Generating the Language Model & Dictionary

Doing this is very simple. Just create a words.txt file with the following data:

HELLO
DATE
GOODBYE
NAME
SNAKE

Upload this file to the CMU Lexicon Tool webpage. Download the .dic and .lm files from all the ones generated. In the current directory, place the .dic file in a directory called dic and the .lm file in a directory called lm. The 2698.lm (for me, this is the name– it will be different for you), looks like this:

Language model created by QuickLM on Tue Jan  2 12:55:32 EST 2018
Copyright (c) 1996-2010 Carnegie Mellon University and Alexander I. Rudnicky

The model is in standard ARPA format, designed by Doug Paul while he was at MITRE.

The code that was used to produce this language model is available in Open Source.
Please visit http://www.speech.cs.cmu.edu/tools/ for more information

The (fixed) discount mass is 0.5. The backoffs are computed using the ratio method.
This model based on a corpus of 5 sentences and 7 words

\data\
ngram 1=7
ngram 2=10
ngram 3=5

\1-grams:
-0.7782 </s> -0.3010
-0.7782 <s> -0.2218
-1.4771 DATE -0.2218
-1.4771 GOODBYE -0.2218
-1.4771 HELLO -0.2218
-1.4771 NAME -0.2218
-1.4771 SNAKE -0.2218

\2-grams:
-1.0000 <s> DATE 0.0000
-1.0000 <s> GOODBYE 0.0000
-1.0000 <s> HELLO 0.0000
-1.0000 <s> NAME 0.0000
-1.0000 <s> SNAKE 0.0000
-0.3010 DATE </s> -0.3010
-0.3010 GOODBYE </s> -0.3010
-0.3010 HELLO </s> -0.3010
-0.3010 NAME </s> -0.3010
-0.3010 SNAKE </s> -0.3010

\3-grams:
-0.3010 <s> DATE </s>
-0.3010 <s> GOODBYE </s>
-0.3010 <s> HELLO </s>
-0.3010 <s> NAME </s>
-0.3010 <s> SNAKE </s>

\end\

The dict file 2698.dic looks like this:

DATE	D EY T
GOODBYE	G UH D B AY
HELLO	HH AH L OW
HELLO(2)	HH EH L OW
NAME	N EY M
SNAKE	S N EY K

We also need a pre-trained English model and we will be using the en-us model provided by CMU Sphinx itself. Download all the files present here from Github and place them in the current directory in a folder en-us inside a folder called model. So in the current directory along with the dic and lm directories we now also have model/en-us/ containing all the files previously downloaded from Github.

The model/en-us directory will contain the following files:

feat.params
mdef
means
noisedict
README
sendump
transition_matrices
variances

Coding the voice assistant in Python

We first start off with our module imports:

import os
import re
from subprocess import Popen
from time import sleep

Next we will add the locations of our dictionary and language model to our program:

DIR_PATH = os.path.dirname(os.path.realpath(__file__))
DIC_PATH = DIR_PATH + "/dic/2698.dic"
LM_PATH = DIR_PATH + "/lm/2698.lm"
MODEL_PATH = DIR_PATH + "/model/en-us"
TEMP_PATH = DIR_PATH + "/temp/output.log"

The temp path is for the log directory from where we will read what the pocketsphinx is saying.

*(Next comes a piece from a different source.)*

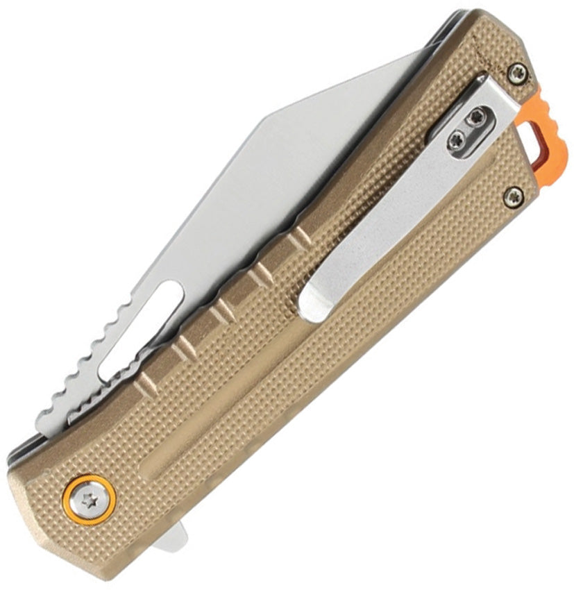 Assisted opening. 4.75" (12.07cm) closed. 3.5" (8.89cm) satin finish 3Cr13MoV stainless clip point blade. Tan anodized aluminum handle. Extended tang. Thumb pull. Lanyard hole. Pocket clip. Boxed.

So make sure that you have read/write access in this directory.

Now the way we would start this from the command line would comprise of a command like this -

pocketsphinx_continuous -inmic yes -dict ~/speech-rec/dic/2698.dic -lm ~/speech-rec/lm/2698.lm -hmm ~/speech-rec/model/en-us/ -logfn ~/speech-rec/temp/output.log -backtrace yes

Assuming the name of my directory where I am writing all this is called speech-rec. So we will use the subprocess module to execute this program in Python. Firstly, we create a string specifying this command for simplicity:

launchSphinx = "pocketsphinx_continuous " + "-inmic yes " + "-dict " + DIC_PATH + " -lm " + LM_PATH + " -hmm " + MODEL_PATH + " -logfn " + TEMP_PATH + " -backtrace yes"

Next,we need to have a function that will check for what command was recognized. If you run the pocketsphinx command in the terminal (without the logfn flag) you’ll see that in one of the [INFO] statements we see the output of the model. As an example, this is how this statement looks:

INFO: pocketsphinx.c(1180): HELLO (-7143)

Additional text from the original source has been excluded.